Chinese hot rolled coil markets fell silent last week as traders and end users began their Lunar New Year holidays. Export offers however kept climbing as the Chinese domestic macroeconomic outlook is positive and quotes from other origins also remained strong, Kallanish notes.

In Shanghai on Friday afternoon, 5.5x1,500mm Q235 HRC was traded at around CNY 4,210-4,230/tonne ($621-624/t), remaining unchanged week-on-week. On the Shanghai Futures Exchange, meanwhile, the most-traded May 2023 contract for HRC lost CNY 23/t from Thursday and CNY 1/t on-week to CNY 4,201/t.

The domestic spot market was basically at a standstill last week, meaning those spot traders who were operating had little incentive to make frequent price changes. There was ultimately no negative impact from Covid or December data news, so the market remained stable.

Chinese HRC export transactions are also not expected to pick up in the short term. However, offers ran up because various stimulus policy announcements have painted a more optimistic picture for the coming months.

Chinese HRC allocation for February shipment has been almost sold out, and exporters were bullish on March sales. This also helped offers to rise despite a lack of deals.
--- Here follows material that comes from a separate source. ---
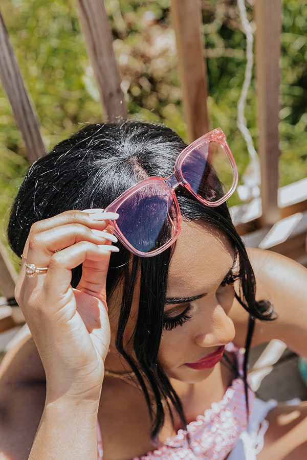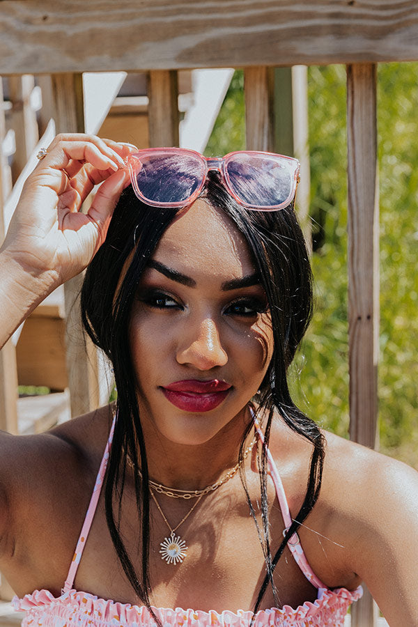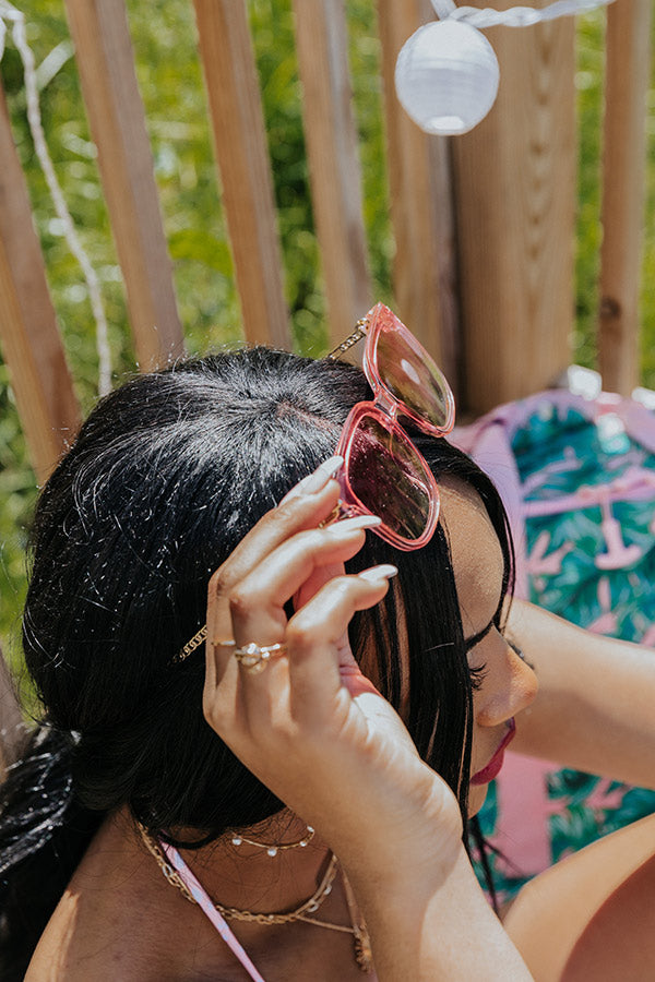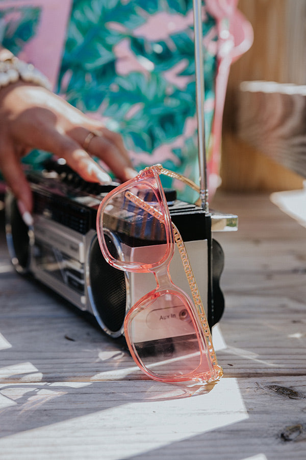 You are sure to have a major style moment when you complete your look with these luxe sunnies featuring oversized pink frames with gold detail ear pieces!

Big mills offered SS400 HRC at $645-650/t fob China before breaking for the holiday, and over $660/t fob for SAE 1006 HRC. These quotes were negotiable and typically higher than the most competitive levels in export markets.

“I don't rule out the possibility that some traders raised their offers too much. Maybe they want to test the market reaction and make adjustments after the Chinese New Year holidays,” an exporter in eastern China commented on Friday.

Kallanish assessed 2mm SAE 1006 HRC at $650-660/t fob China on 20 January, up $20/t from the prior week.